Era pleno junio y yo me acababa de instalar en Madrid.
No conocía a nadie, pero nuestras miradas se cruzaron por casualidad un día en El Retiro y supe, desde el primer segundo, que marcaría un antes y un después en mi vida.
Su pelo castaño caía sobre sus hombros, llegando prácticamente al centro de su espalda. La observaba desde lejos, leía sentada bajo un árbol, y comencé a dibujarla en la lejanía.
Su mirada ausente , el brillo de su pelo..., era ella.
Día tras día, repetíamos el mismo proceso. Ella se sentaba a leer bajo el mismo árbol y yo, en silencio, hacía garabatos intentando dibujarla.
Un día, tardé más de lo esperado en llegar. Al verme, se levantó y se acercó a mí.
-Pensaba que ya no vendrías- dijo ella.
Me quedé petrificada ante su belleza. Y habló el silencio. Acarició mi mentón y me miró fijamente a los ojos. Era casi imposible sostenerle la mirada.
-Voy a llevarte a un lugar-.
Y allá nos fuimos. Un pequeño local escondido en un rincón de la Gran Vía. Tocaban jazz y había un chico muy joven al piano. Nunca imaginé un sitio igual. Había alfombras de inspiración árabe por todo el suelo, cojines, sillas antiguas y hasta una mini-biblioteca.
De pronto alguien gritó y la policía entró con violencia. Entonces caí en la cuenta de que se trataba de un local clandestino y tratamos de huir.
Corrimos durante unos minutos y me llevó a su casa.
Compartía piso con dos chicos y estudiaba Antropología. No sé por qué, lo supuse.
Tomamos algo, hablamos largo y tendido, y de pronto sacó un papel en blanco.
-Escribe lo primero que se te ocurra- musitó.
-"Arte"-.
Alzó la vista y su mirada me paralizó. Cuando quise darme cuenta, sus labios ya jugaban a interponerse entre mi razón y mi corazón.
Dulce, me tumbó sobre su cama y se subió encima de mí. Se deshizo de su camiseta y el olor de su piel me recordaba a mi infancia en la playa, ese olor a mar...

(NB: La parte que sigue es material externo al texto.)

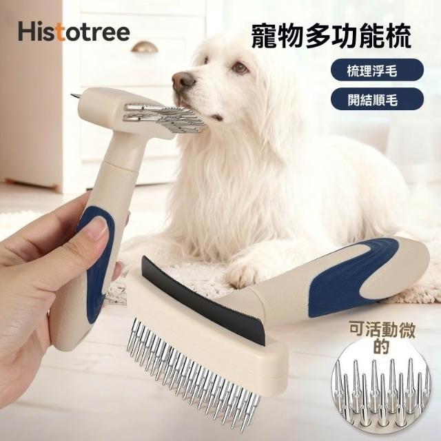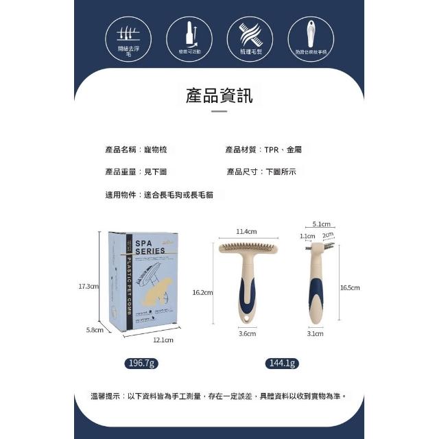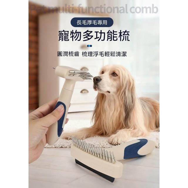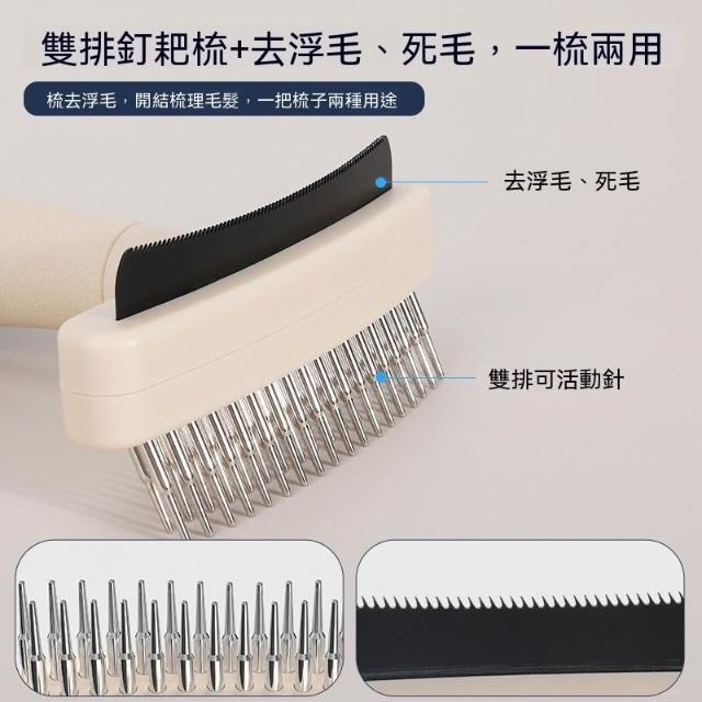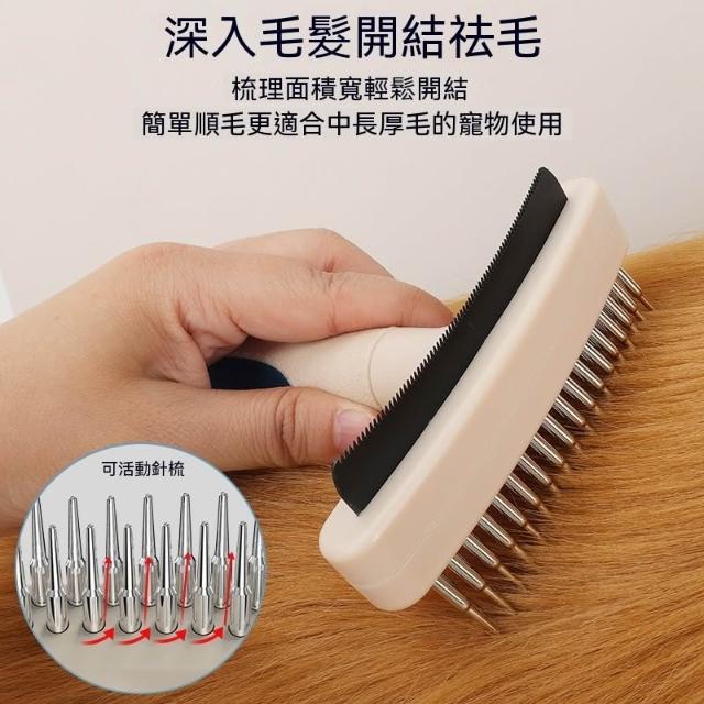寵物梳子狗狗祛毛梳貓咪開結梳美容釘耙排梳二合一雙面刀頭防滑握把自動除毛安全護膚款居家美容寵物換季除毛浮毛清理按摩順毛護理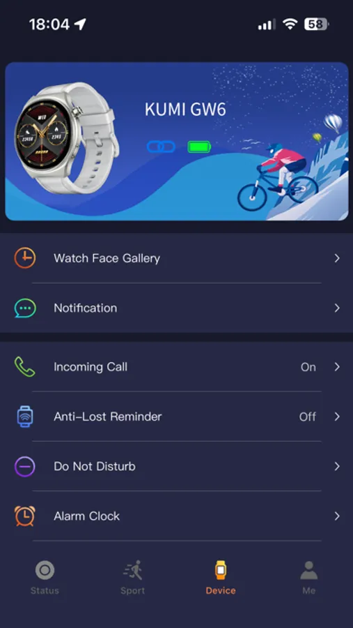 Smart watch binding and pairing: Quickly bind the mobile phone to the KUMI smart watch through simple operations and easily achieve data synchronization.
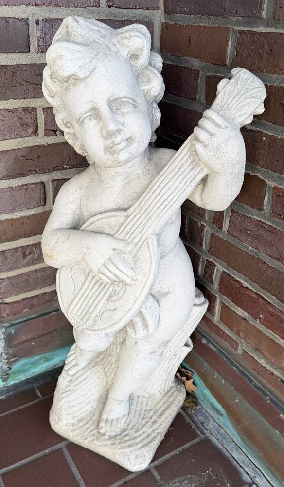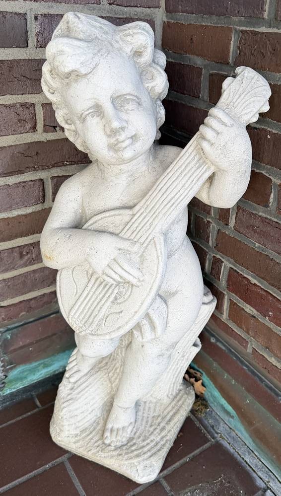 Gartenfigur, Putto mit Mandoline, H-70 cm, Stein, [1]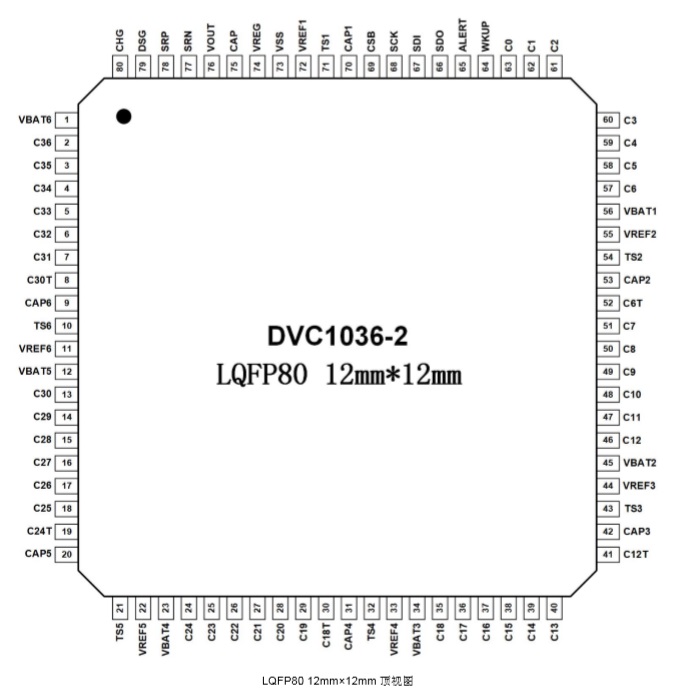 DVC1036是一款采用車規級高壓 BCD 工藝設計的多節鋰電池組監控芯片,通過四線式SPI接口與上位機進行通信,形成一套完整的電池組管理系統(BMS)。 DVC1036內置6路15位ΣΔADC(VADC)和1 路16 位ΣΔADC(CADC),可以持續地高精度測量電池組中電池電壓、電池溫度和充/放電 電流等信息,反饋給上位機完成電池組SOC估算。 DVC1036集成了完整的硬件保護功能,上位機可以將電池過壓閾值、電池欠壓閾值、充電過流閾值、放電過流閾值和放電短路閾值配置到芯片寄存器中。芯片就可以在異常發生時,瞬間完成硬件保護,并立即反饋警報給上位機。 DVC1036內置了36路電池被動均衡驅動電 路,上位機可以同時打開所有電池均衡,而不用擔心影響芯片的硬件保護功能。 DVC1036還集成低邊充電和放電N型場效應管驅動,上位機可以通過配置寄存器完成充電或放電管理。同時芯片在異常發生時,也可以自動關閉充電或放電場效應管,保證電池組安全。
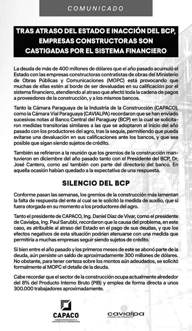 La Cámara Paraguaya de la Industria de la Construcción (Capaco) y la Cámara Vial Paraguaya (Cavialpa) se pronunciaron ante la deuda del Estado que les afecta sobremanera. A través de un comunicado denuncian que las empresas constructoras podrían ser castigadas por el sistema financiero, provocando así ser devaluadas en su calificación.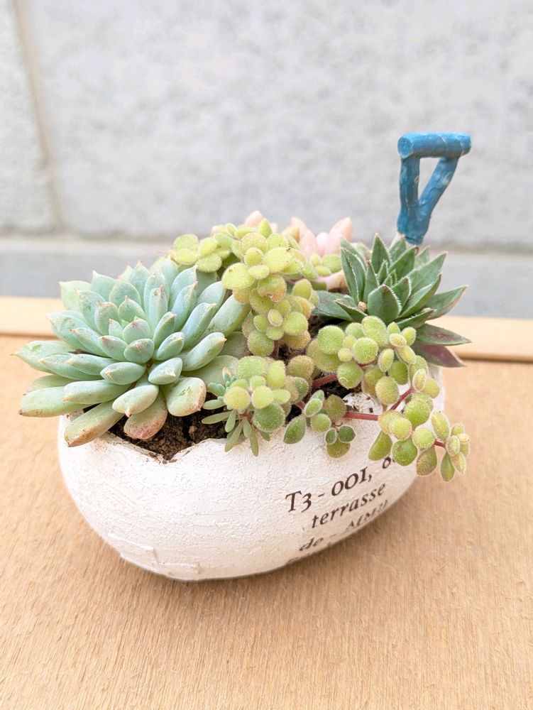 たまごの鉢の寄せ植えが崩壊してきたので、また植えなおしました🐣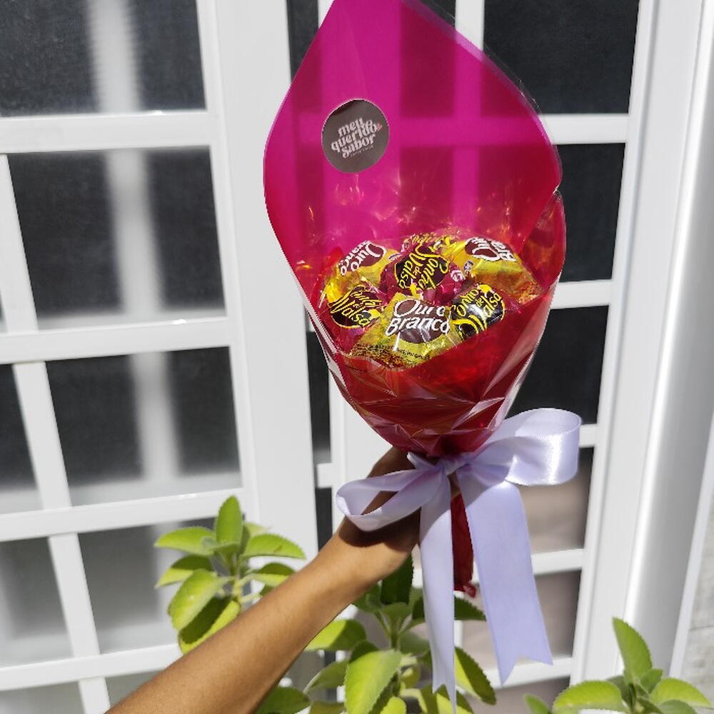 Buquê com 7 bombons Ouro Branco, Sonho de Valsa ou mesclado, montado em embalagem premium para presente. Informações importantes: • Embalagem pode variar conforme estoque • Todos os buquês acompanham proteção transparente - Envie os dizeres do bilhete no chat (bilhete impresso com envelope branco) Presente ideal para Valentine’s Day, Dia dos Namorados, Dia das Mães, Dia Internacional da Mulher, aniversários, pedidos de desculpas e datas especiais. Uma opção criativa para quem deseja sair do tradicional de floricultura, flores e cestas de café da manhã ou cesta de chocolate.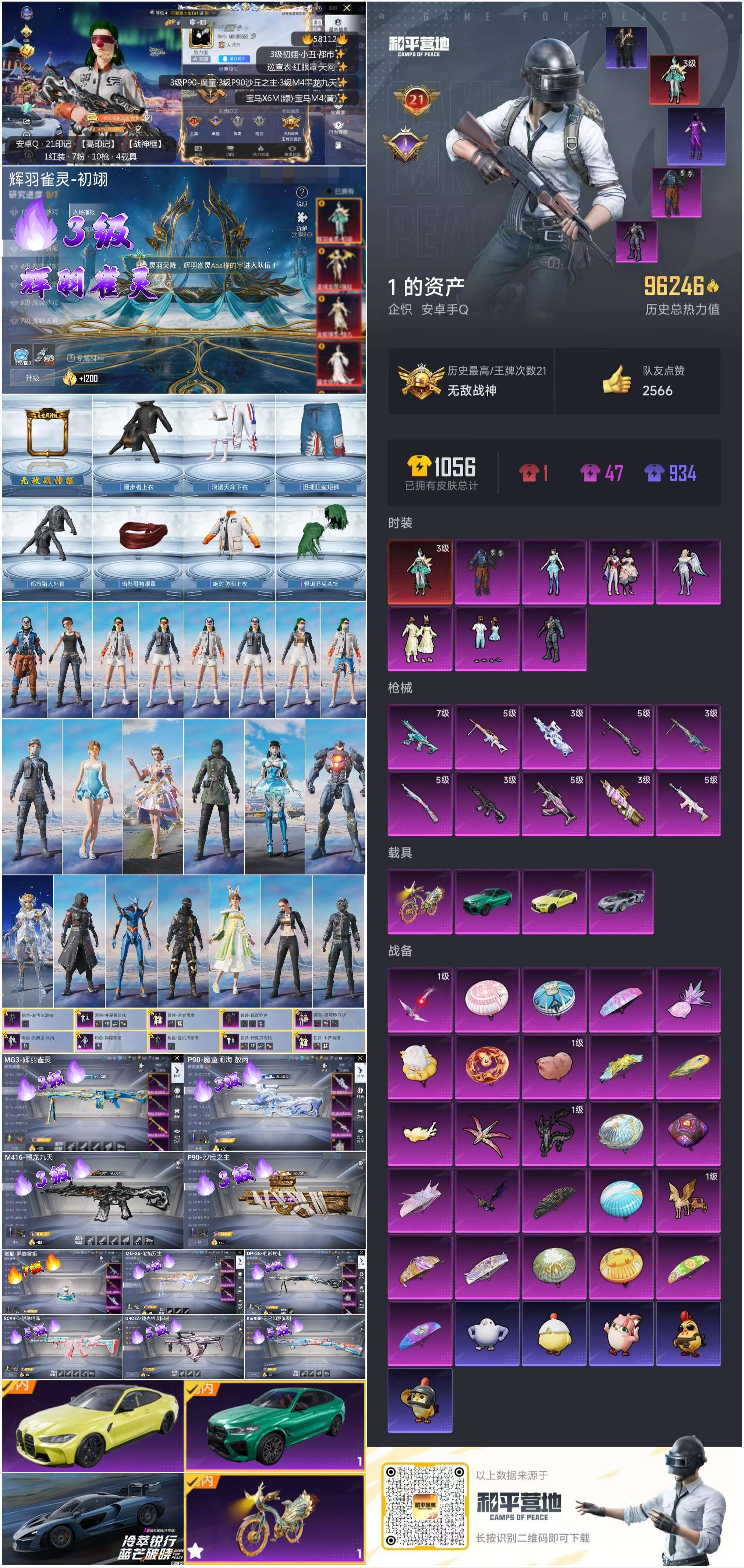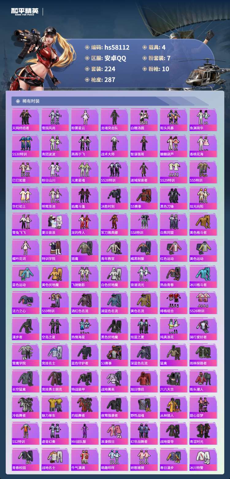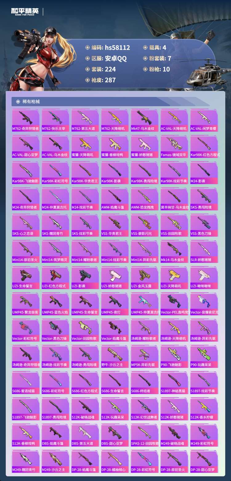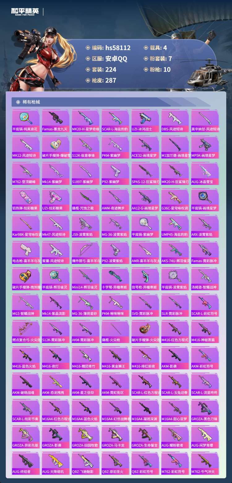 hs58112 安卓手Q-21王牌印记-有战神框-1红装-7粉装-10特效枪-4载具-96246热力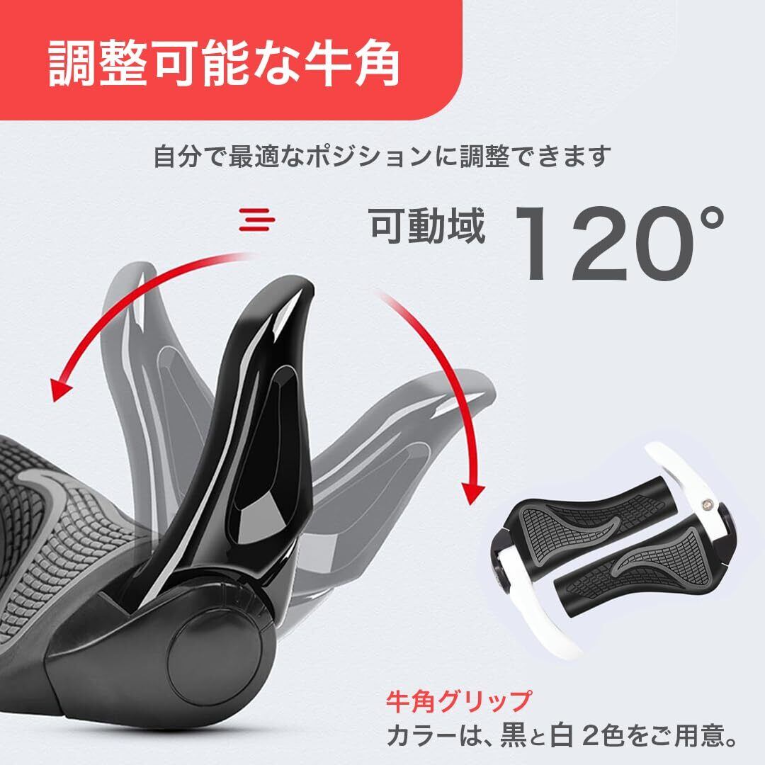 【一般的なハンドルに対応】このグリップには牛角と呼ばれるパーツが付いており、これにより上り坂や急な加速時に力を最大限に活用することが可能です。牛角によって、力強いペダリングが実現し、さらにその角度を最大120°まで調整できるので、個々のライダーの好みに合わせた設定が可能です。エルゴハンドルグリップは、直径22.2mmの一般的な自転車ハンドルに装着でき、グリップ自体の長さは14cm、グリップから牛角部分の高さは10cmです。購入前には、必ず手持ちの自転車の寸法を確認してください。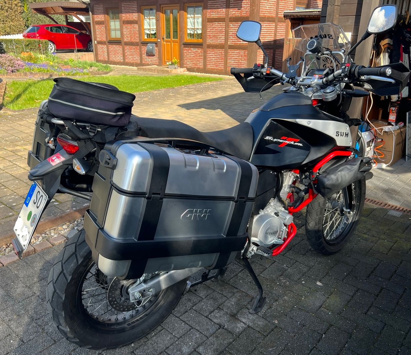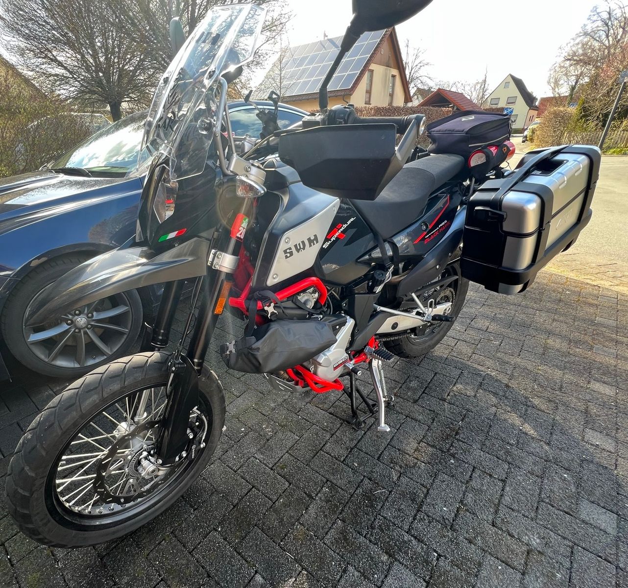 Verkaufe schweren Herzenz meine Superdual, sie wird so gut wie gar nicht mehr bewegt. Meine Superdual wurde fast ausschließlich für Langstrecken verwendet. Unbenutzte GIVI Seitenkoffer sind Teil des Angebots, da ausschließlich Softbags für meine Touren verwendet wurden. Ich habe das SWM Werk in Varese (ehemaliges Husqvarna Werk) in Italien persönlich besichtigt und mich von der Qualität des Motorrads überzeugt. Auf den Fotos sind (kleine) Softbags montiert, die nicht Gegenstand der Veräußerung sind.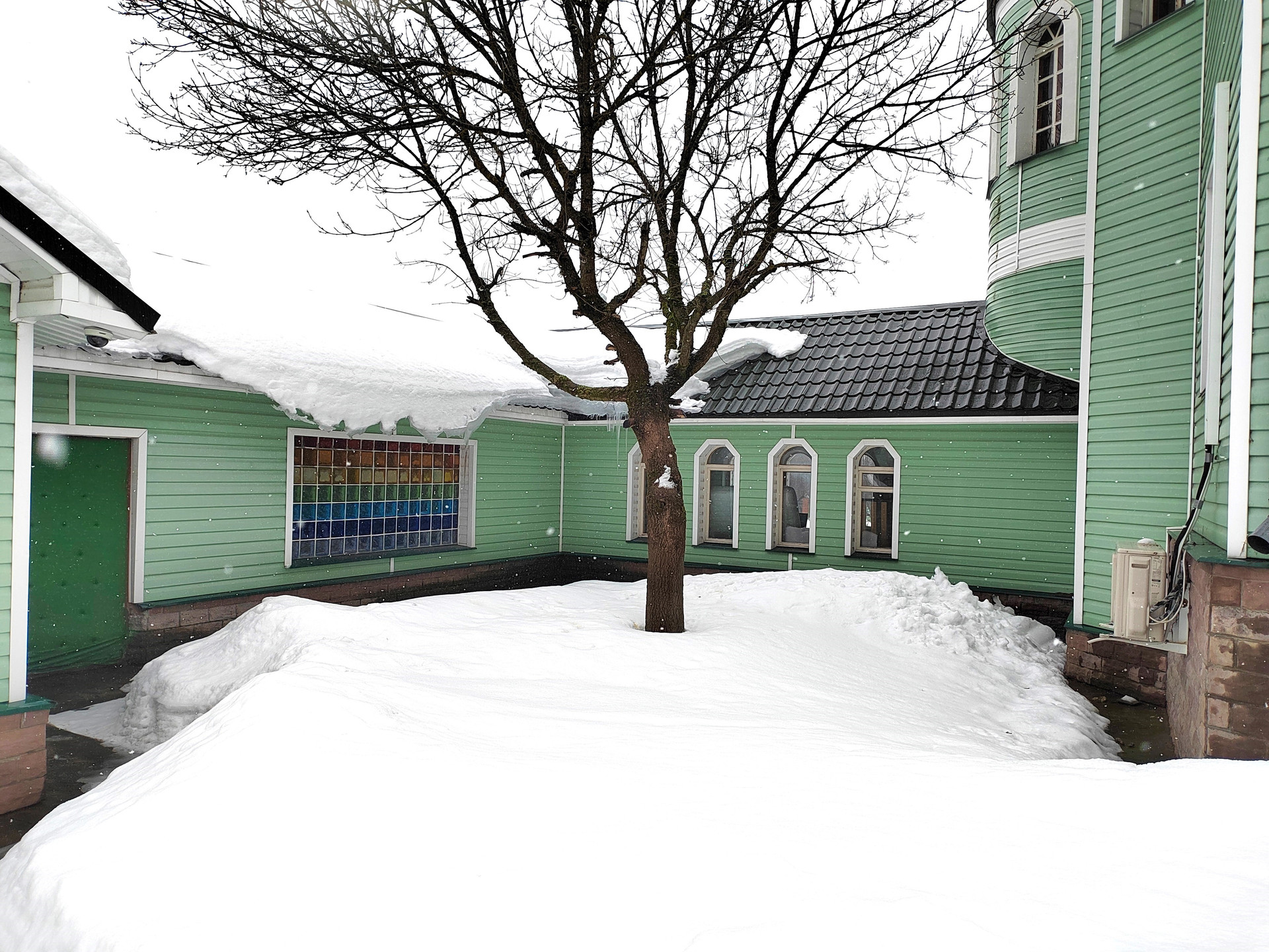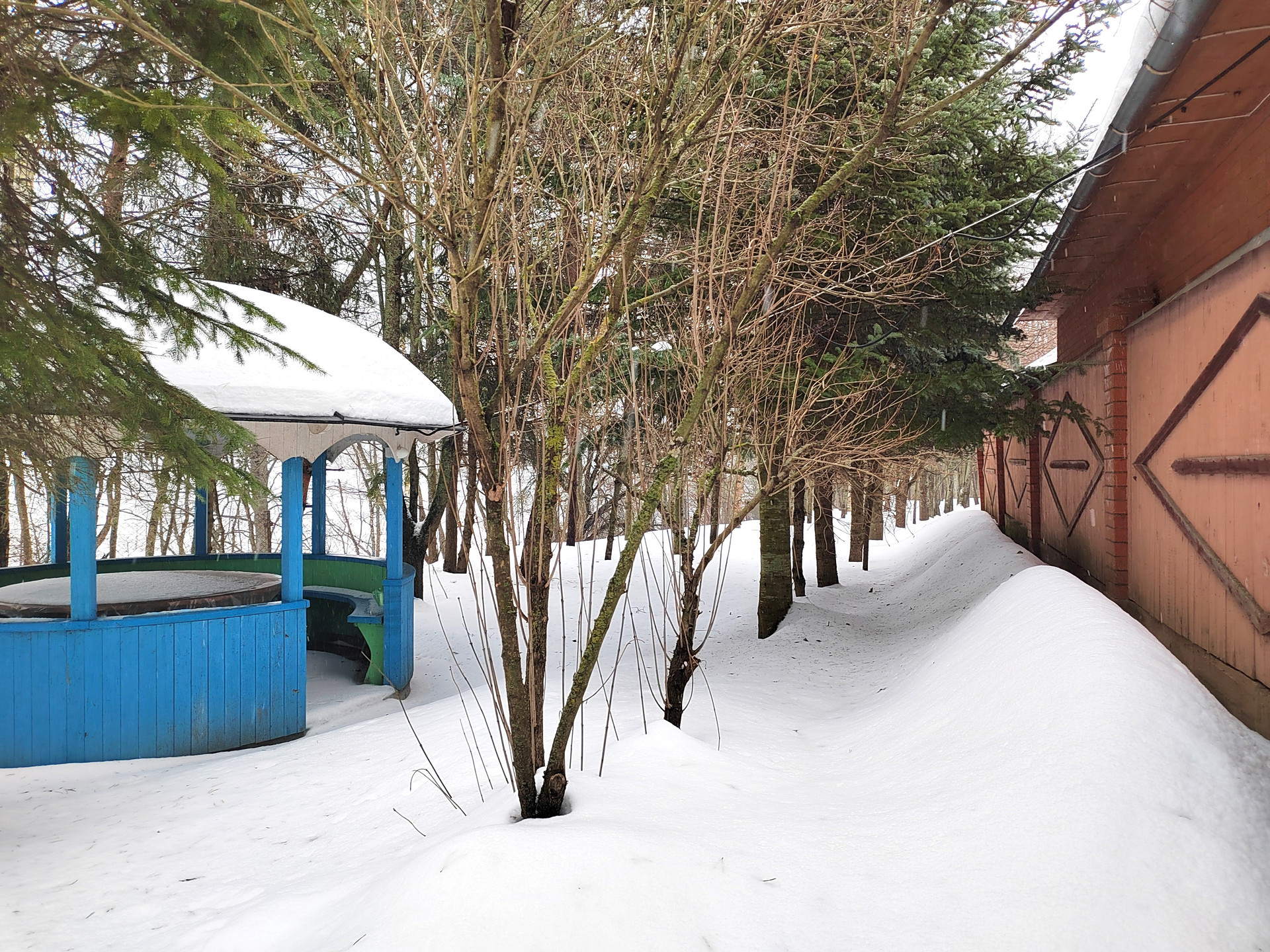 Из жилой части, через крытую галерею, проход в банно-спортивный комплекс: спортзал с тренажерами, бассейн, душевая, парная.

Me besaba con firmeza y dulzura a la vez. Sus besos cortos y húmedos trazaban un sendero desde mi cuello hasta mi esternón mientras sus dedos, de forma delicada y circular, acariciaban mis pezones, ya erguidos.
Quería más, y ambas lo sabíamos. Arrojé sus pantalones al suelo y mis manos, entrelazadas con su pelo, bajaban hasta acariciar sus pechos.
Completamente desnudas, sentíamos el calor, la humedad. El movimiento de sus caderas pegadas a las mías, como en un hipnótico baile, sus jadeos, los míos, su boca, la mía. El sexo.
Se dejó la dulzura en forma de cicatriz de guerra anclada en mi espalda, la miel en mis labios y sus manos dentro de mí, a un ritmo frenético.
Ni en sueños imaginé algo así.
De pronto su ritmo disminuyó y su boca comenzó a abrirse paso besando mis muslos, lamiéndolos hasta llegar a mi sexo, que la esperaba con impaciencia.
Sentía su lengua jugando conmigo, recorriéndome y mis gemidos quedaban ahogados entre la música.
Casi agotada, me abracé a ella y comencé a morder sus pezones lentamente a la par que mi lengua los rodeaba. Sus manos paseaban por mi espalda hasta que llegué a su ombligo y mi lengua empezó a bajar hasta llegar a su clítoris. Lentamente la saboreaba, disfrutándola, sintiéndola latir, notando sus talones en mi espalda y su mano derecha en mi cabeza marcando el ritmo.
En el último arañazo, el más intenso de todos, supe que no cabía más placer dentro de sí. Y fuimos una.
Rendidas, acabamos derrotadas, con las piernas entrelazadas comenzando una aventura de la que aún, nadie, ha escrito el final.